Penerapan sertipikat elektronik tidak hanya sekadar inovasi teknologi, tetapi juga wujud nyata reformasi birokrasi di bidang pertanahan.
Beberapa pandangan mengaminkan digitalisasi administrasi pertanahan memungkinkan kepastian hukum melalui sistem pendaftaran tanah berbasis stelsel positif, yang menjamin bahwa data yang tersimpan adalah bukti sah kepemilikan.
Kantor pertanahan kini bertransformasi menjadi pusat informasi digital yang terintegrasi dan berperan sebagai penyedia layanan publik modern.
Penerapan sistem elektronik juga membuka peluang optimalisasi penerimaan negara. Layanan informasi pertanahan yang dikelola secara transparan dapat menjadi basis sumber pendapatan non-pajak sekaligus memperkuat konsep self-financing lembaga.
Selain itu, kecepatan dan kemudahan layanan akan meningkatkan daya saing ekonomi nasional, memperbaiki peringkat kemudahan berusaha (EoDB), serta menarik investasi di sektor properti dan infrastruktur.
Lebih jauh, transformasi digital di bidang pertanahan berkontribusi pada pencapaian Tujuan Pembangunan Berkelanjutan (Sustainable Development Goals).
Penataan ruang yang berbasis data dan digitalisasi kepemilikan tanah mendukung perencanaan pembangunan yang inklusif dan berwawasan lingkungan.
Dengan sistem yang terintegrasi, perencanaan tata ruang dapat dioptimalkan untuk mendukung pertumbuhan ekonomi yang adil dan berkelanjutan.
Penutup
Kebijakan sertipikat tanah elektronik mencerminkan komitmen negara untuk menghadirkan birokrasi yang modern, transparan, dan akuntabel.
Dengan lebih dari 5 juta sertipikat dan buku tanah elektronik yang telah terbit hingga pertengahan 2025, Indonesia berada di jalur yang tepat menuju layanan pertanahan digital sepenuhnya.

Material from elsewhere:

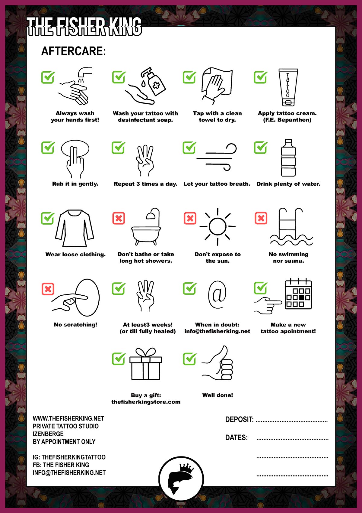 De achterkant? Die draait om duidelijkheid. Met zelfontworpen icoontjes die stap voor stap tonen wat je wél en niét moet doen om je tattoo goed te laten genezen.
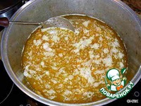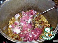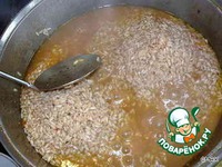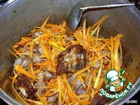 Внимание, это очень важно! По мере убывания (впитывания) зирвака, необходимо последовательно убавлять температуру под котелком, чтобы избежать пригорания овощей и мяса. Делать это следует аккуратно, чтобы, с одной стороны, полностью не "заглушить" процесс впитывания рисом зирвака, с другой - не допустить пригорания. Словом, необходимо будет выбрать некую золотую температурную "серединку".

Transformasi ini tidak hanya memperkuat kepastian hukum hak atas tanah, tetapi juga mempercepat pelayanan publik, menutup ruang penyimpangan, serta membangun kepercayaan masyarakat terhadap negara.
Administrasi pertanahan Indonesia kini melangkah menuju era “maju dan modern” di mana hak kepemilikan tanah warga dijamin oleh sistem digital yang aman, mudah diakses, dan berstandar dunia.